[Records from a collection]
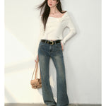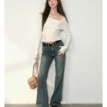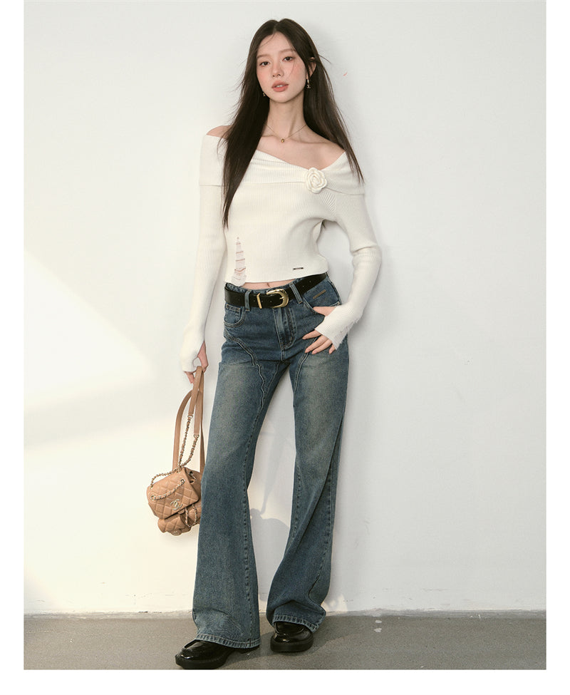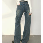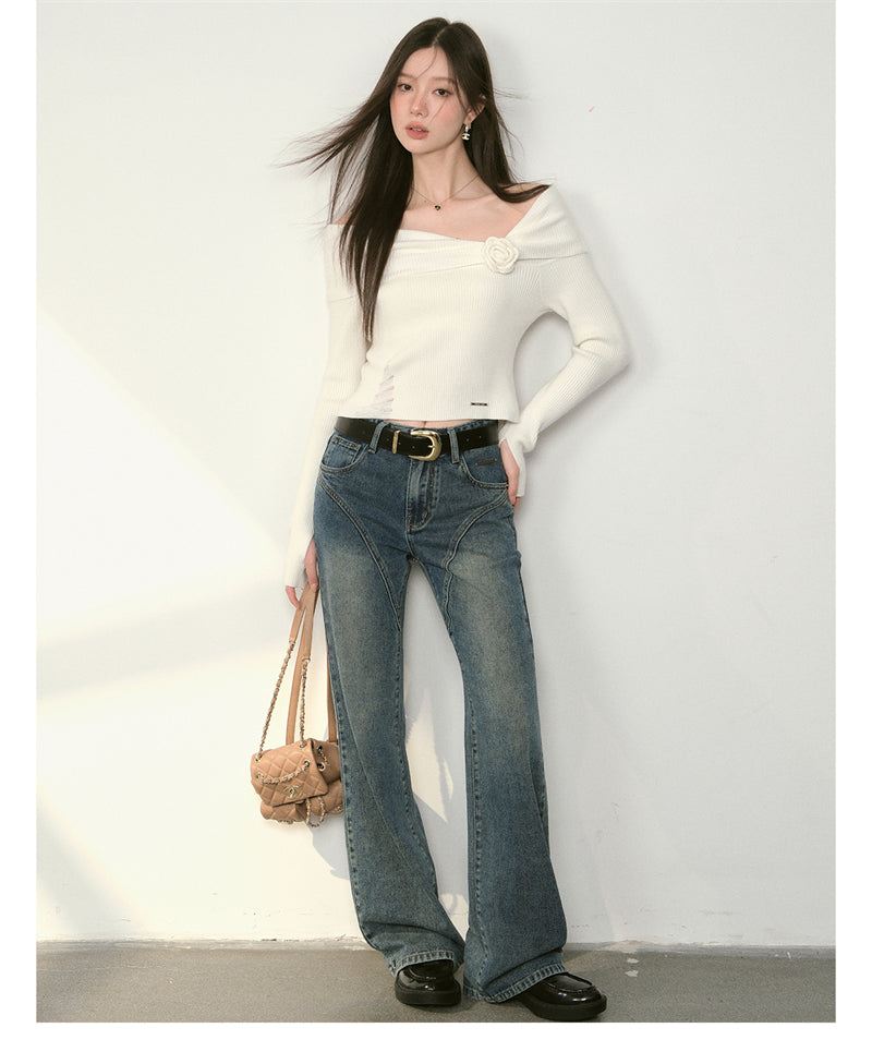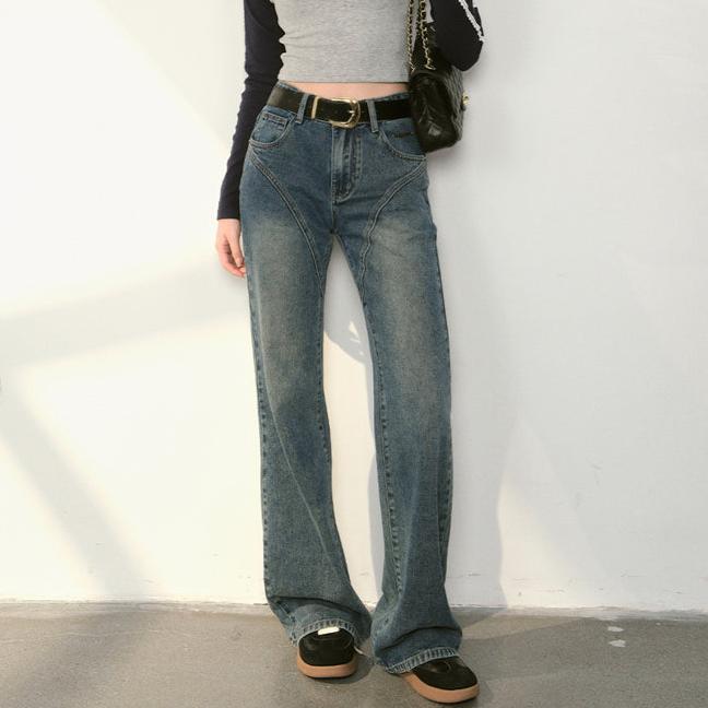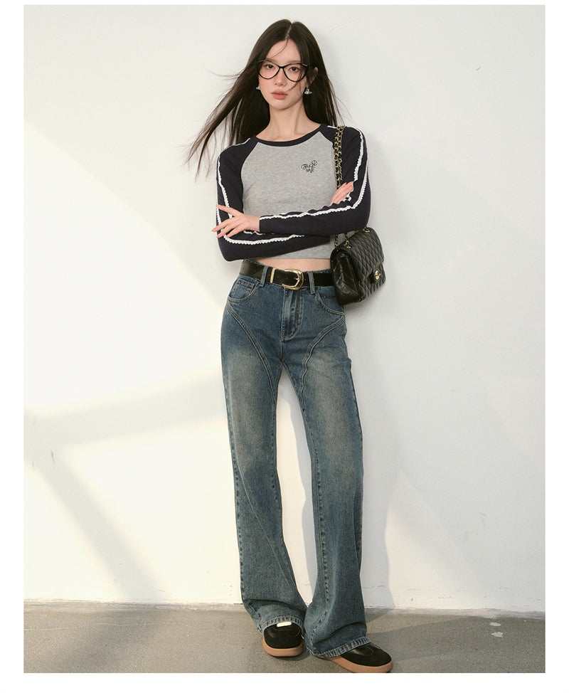 Kroche 2409 复古做旧水洗分割牛仔长裤
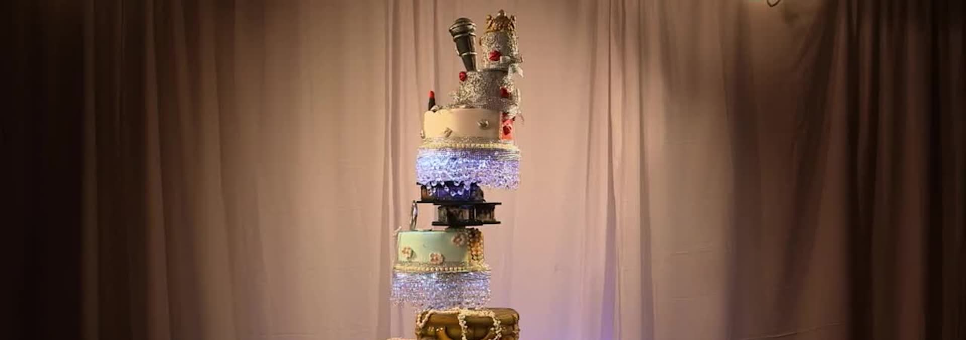 Keg cakes pour beer, and a spinning birthday cake gets plenty of bling.
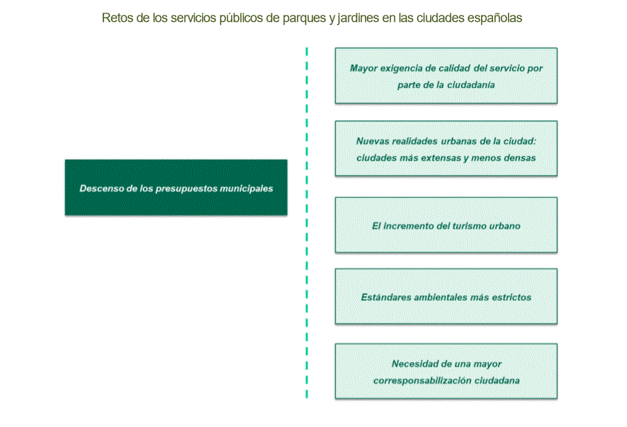 Los retos actuales asociados a la definición de los servicios de diseño, construcción y mantenimiento de los parques y jardines municipales coinciden, por un lado, con el contexto económico actual de descenso de los presupuestos municipales y, por otro, con la necesidad de actualizar los servicios en base a las nuevas realidades territoriales y sociales de las ciudades españolas, que en muchos casos precisan de un incremento de los recursos destinados a los mismos
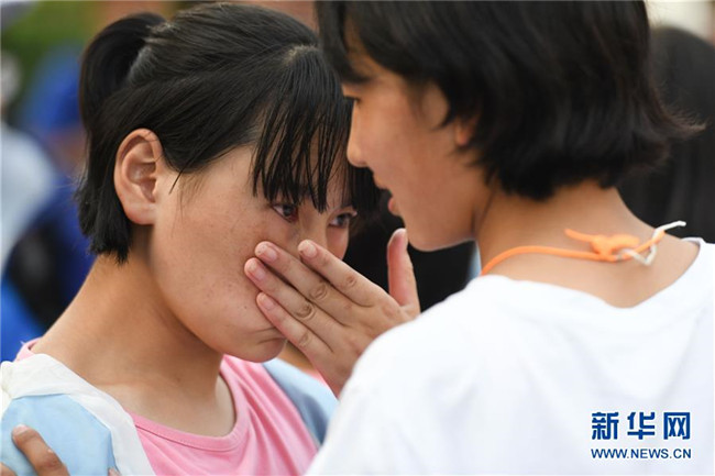 6月9日,合肥市第三十五中學(xué)西藏班的初三畢業(yè)生(右)與老師告別時(shí)落淚。
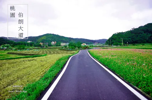 桃園大溪的大鶯路上處處是秘境,這裡人車不多,有不少單車愛好者穿梭其間,產業道路兩旁都是綠意盎然的田地,偶有美麗的花田穿插其間,
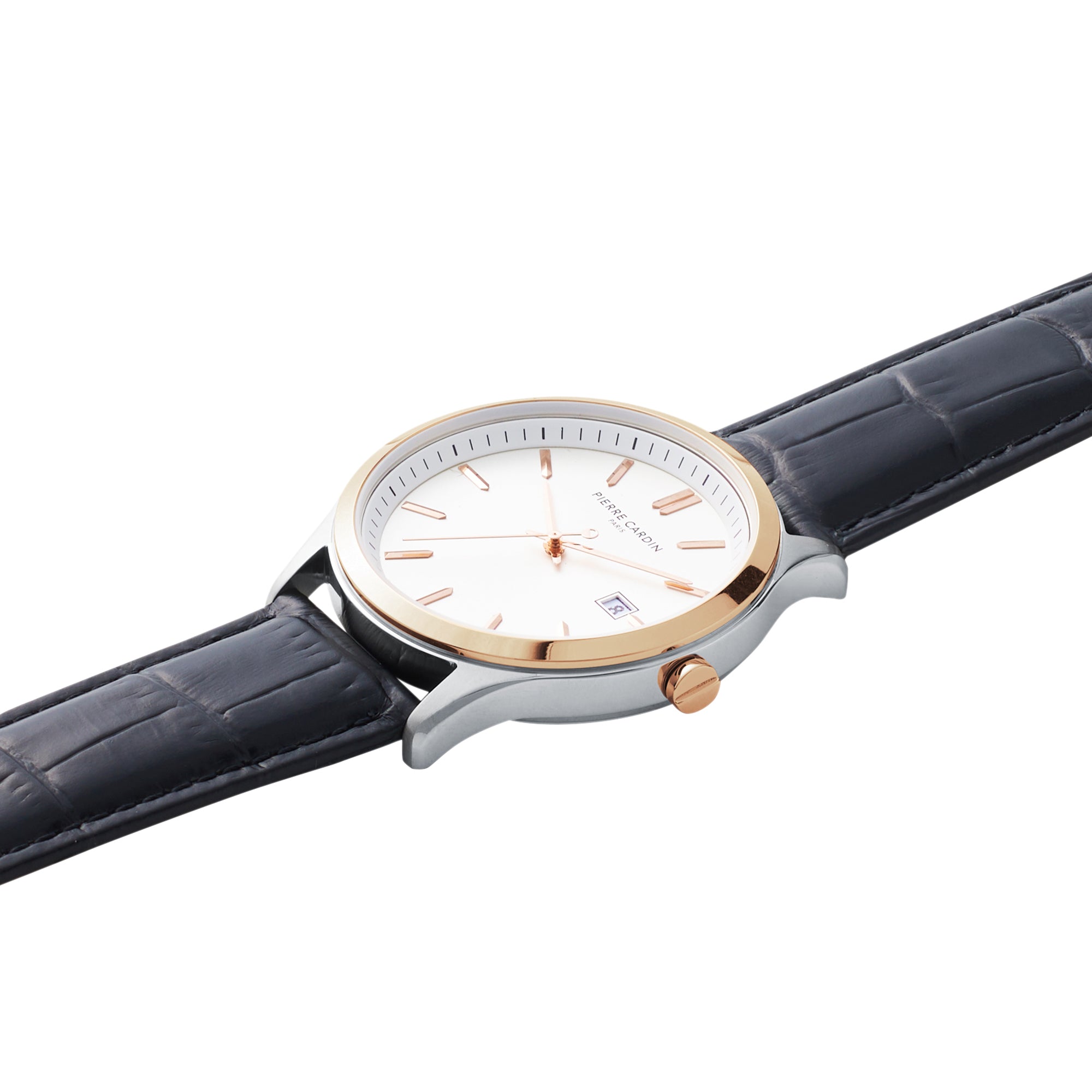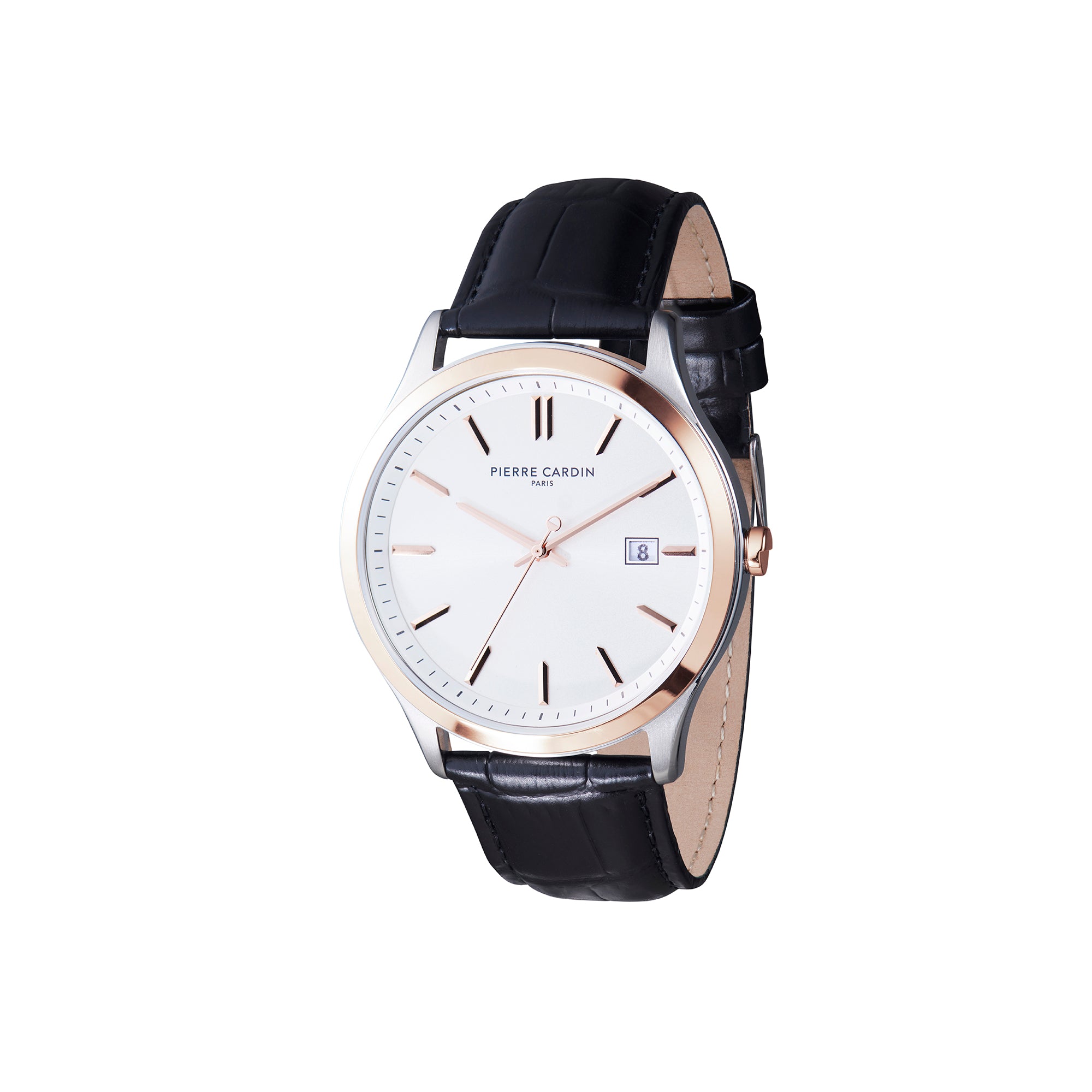 Épinettes Essential Two tone Watch with Silver Dial and Black Leather Strap

> **Work required**:
Copy out all the data without changing anything, and drop the pictures.

> **Response to the task**:
 Kroche 2409 复古做旧水洗分割牛仔长裤
 Keg cakes pour beer, and a spinning birthday cake gets plenty of bling.
 Los retos actuales asociados a la definición de los servicios de diseño, construcción y mantenimiento de los parques y jardines municipales coinciden, por un lado, con el contexto económico actual de descenso de los presupuestos municipales y, por otro, con la necesidad de actualizar los servicios en base a las nuevas realidades territoriales y sociales de las ciudades españolas, que en muchos casos precisan de un incremento de los recursos destinados a los mismos
 6月9日,合肥市第三十五中學(xué)西藏班的初三畢業(yè)生(右)與老師告別時(shí)落淚。
 桃園大溪的大鶯路上處處是秘境,這裡人車不多,有不少單車愛好者穿梭其間,產業道路兩旁都是綠意盎然的田地,偶有美麗的花田穿插其間,
 Épinettes Essential Two tone Watch with Silver Dial and Black Leather Strap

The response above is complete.